### WORK TO BE COMPLETED
Look below for the line containing "36-летний австриец впервые" and the line containing "This is a PBR", then set down both and every line between them exactly, without pictures.

*** Opening DATA RECORDS ***

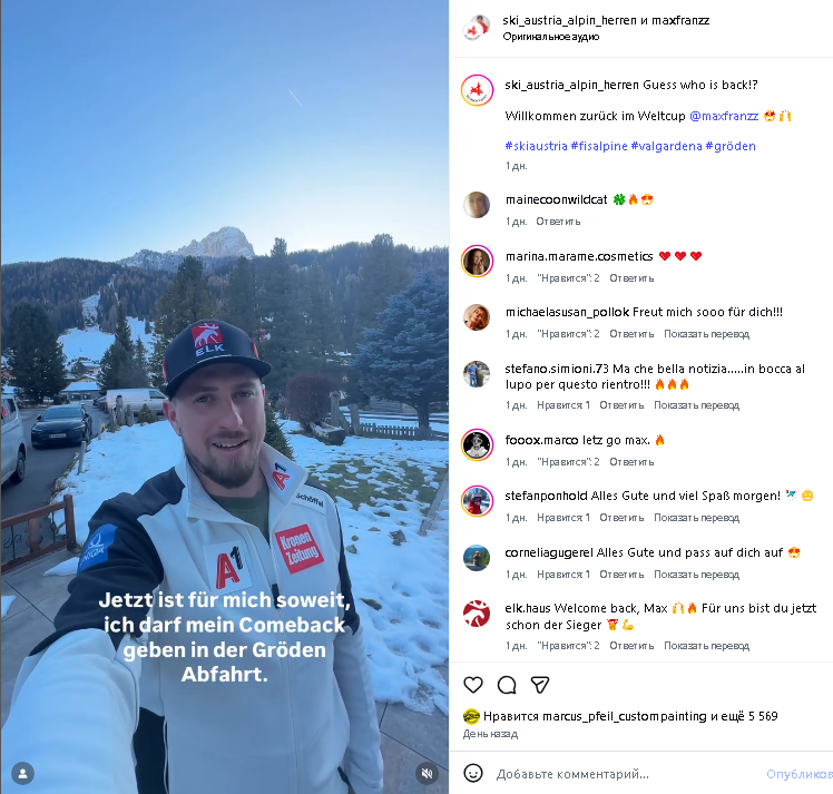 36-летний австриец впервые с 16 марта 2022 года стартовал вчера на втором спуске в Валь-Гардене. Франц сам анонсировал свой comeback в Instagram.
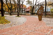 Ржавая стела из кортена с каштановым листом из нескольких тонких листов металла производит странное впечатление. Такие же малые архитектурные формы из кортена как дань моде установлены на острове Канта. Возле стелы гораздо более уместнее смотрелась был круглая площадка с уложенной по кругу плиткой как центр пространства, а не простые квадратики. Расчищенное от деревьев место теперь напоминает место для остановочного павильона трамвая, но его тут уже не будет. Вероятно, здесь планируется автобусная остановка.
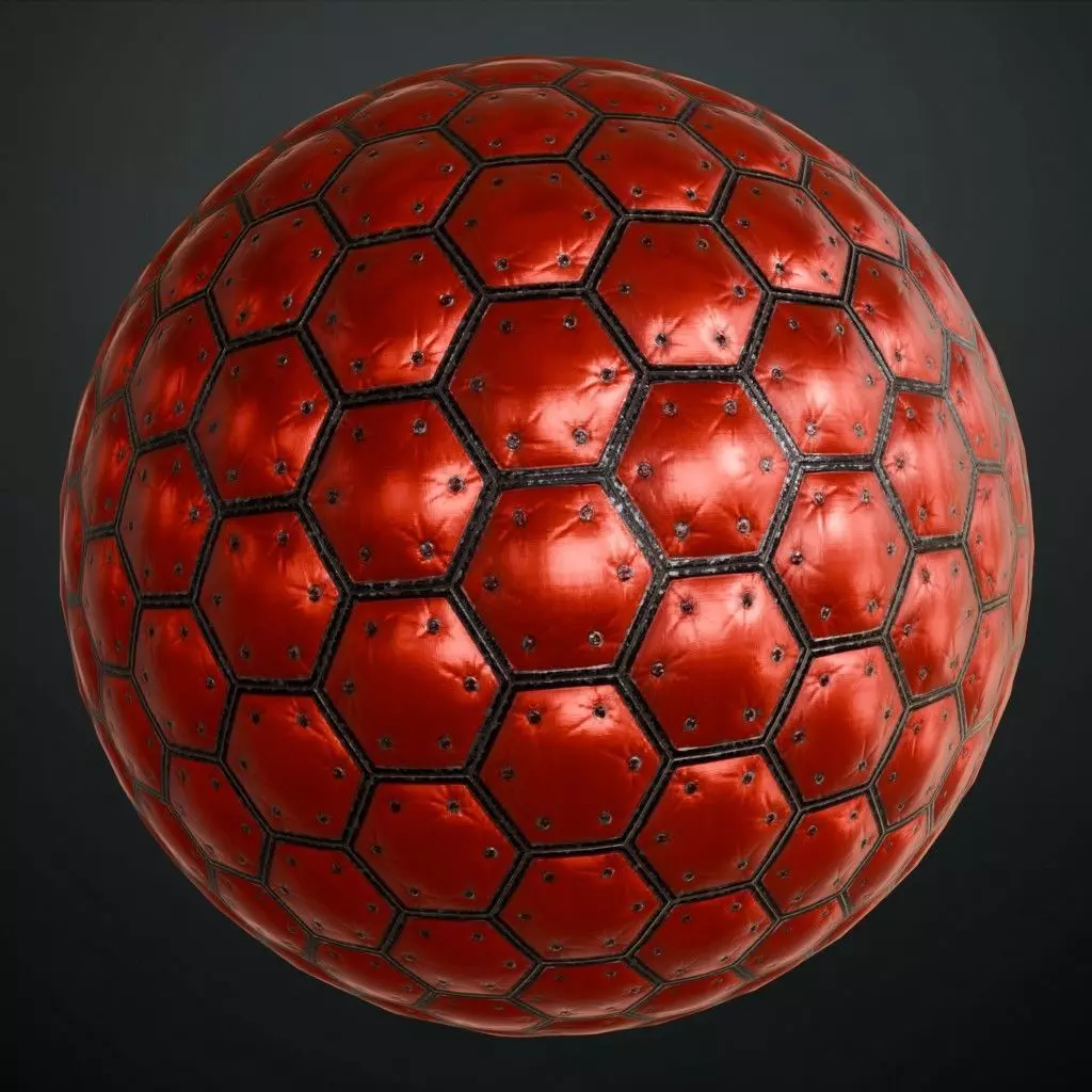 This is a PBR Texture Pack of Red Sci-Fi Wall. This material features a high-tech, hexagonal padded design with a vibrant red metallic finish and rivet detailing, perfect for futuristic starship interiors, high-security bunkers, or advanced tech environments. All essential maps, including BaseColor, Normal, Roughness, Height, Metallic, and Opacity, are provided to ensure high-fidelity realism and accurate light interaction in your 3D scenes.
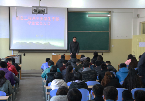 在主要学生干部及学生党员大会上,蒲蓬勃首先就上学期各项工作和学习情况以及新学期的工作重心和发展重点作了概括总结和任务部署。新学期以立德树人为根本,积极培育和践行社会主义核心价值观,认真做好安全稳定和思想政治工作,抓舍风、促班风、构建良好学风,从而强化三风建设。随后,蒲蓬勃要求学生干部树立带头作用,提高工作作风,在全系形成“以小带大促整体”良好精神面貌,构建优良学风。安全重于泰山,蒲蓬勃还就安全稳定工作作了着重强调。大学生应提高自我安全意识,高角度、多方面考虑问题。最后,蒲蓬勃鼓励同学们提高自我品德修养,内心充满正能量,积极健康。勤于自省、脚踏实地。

*** Closing DATA RECORDS ***
*** Opening DATA RECORDS ***

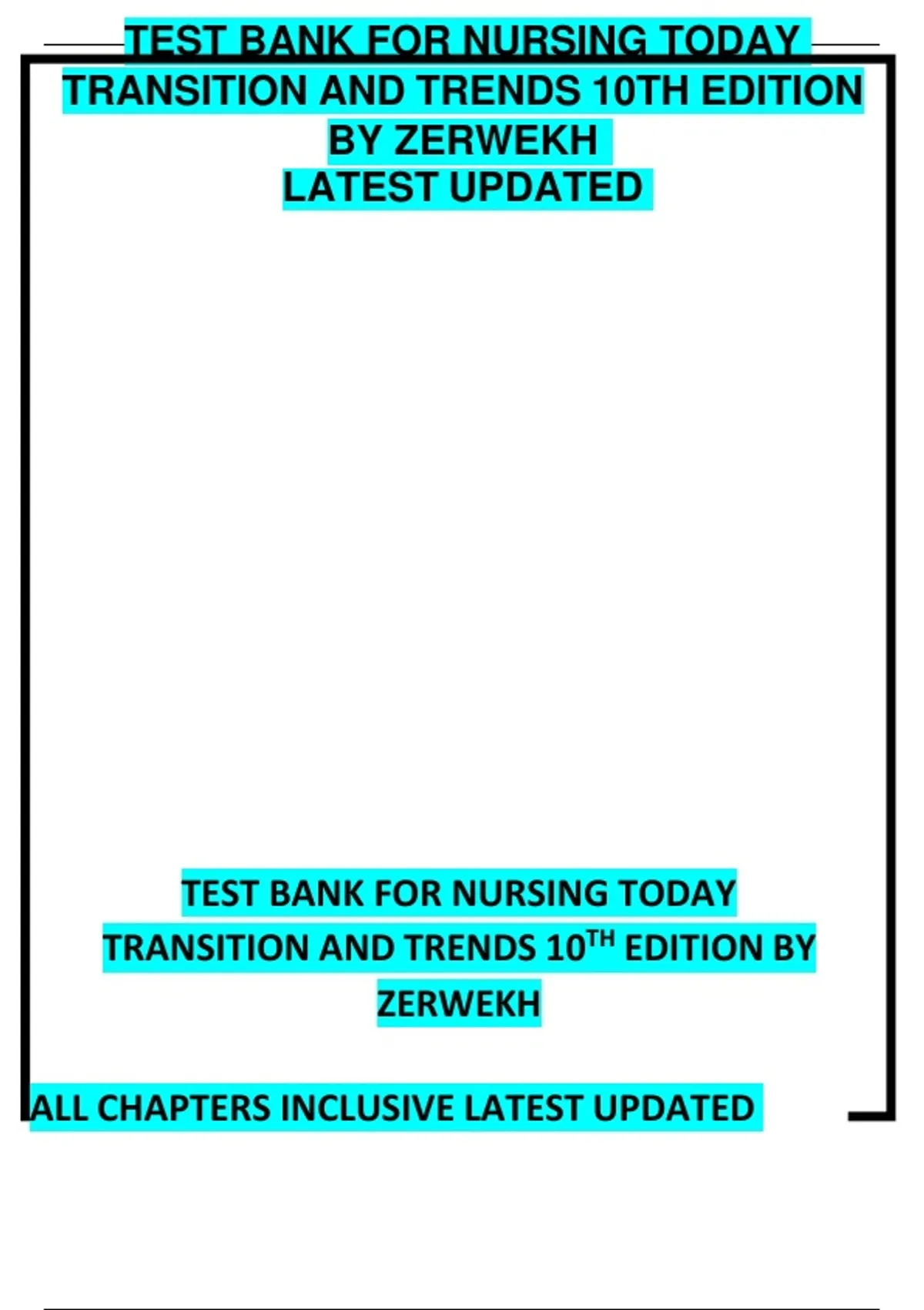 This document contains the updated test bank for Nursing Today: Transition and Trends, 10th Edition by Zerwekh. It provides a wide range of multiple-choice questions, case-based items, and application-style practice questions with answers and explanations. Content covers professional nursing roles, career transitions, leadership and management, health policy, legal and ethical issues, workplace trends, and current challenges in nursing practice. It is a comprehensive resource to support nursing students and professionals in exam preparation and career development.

*** Closing DATA RECORDS ***

### REPLY
 36-летний австриец впервые с 16 марта 2022 года стартовал вчера на втором спуске в Валь-Гардене. Франц сам анонсировал свой comeback в Instagram.
 Ржавая стела из кортена с каштановым листом из нескольких тонких листов металла производит странное впечатление. Такие же малые архитектурные формы из кортена как дань моде установлены на острове Канта. Возле стелы гораздо более уместнее смотрелась был круглая площадка с уложенной по кругу плиткой как центр пространства, а не простые квадратики. Расчищенное от деревьев место теперь напоминает место для остановочного павильона трамвая, но его тут уже не будет. Вероятно, здесь планируется автобусная остановка.
 This is a PBR Texture Pack of Red Sci-Fi Wall. This material features a high-tech, hexagonal padded design with a vibrant red metallic finish and rivet detailing, perfect for futuristic starship interiors, high-security bunkers, or advanced tech environments. All essential maps, including BaseColor, Normal, Roughness, Height, Metallic, and Opacity, are provided to ensure high-fidelity realism and accurate light interaction in your 3D scenes.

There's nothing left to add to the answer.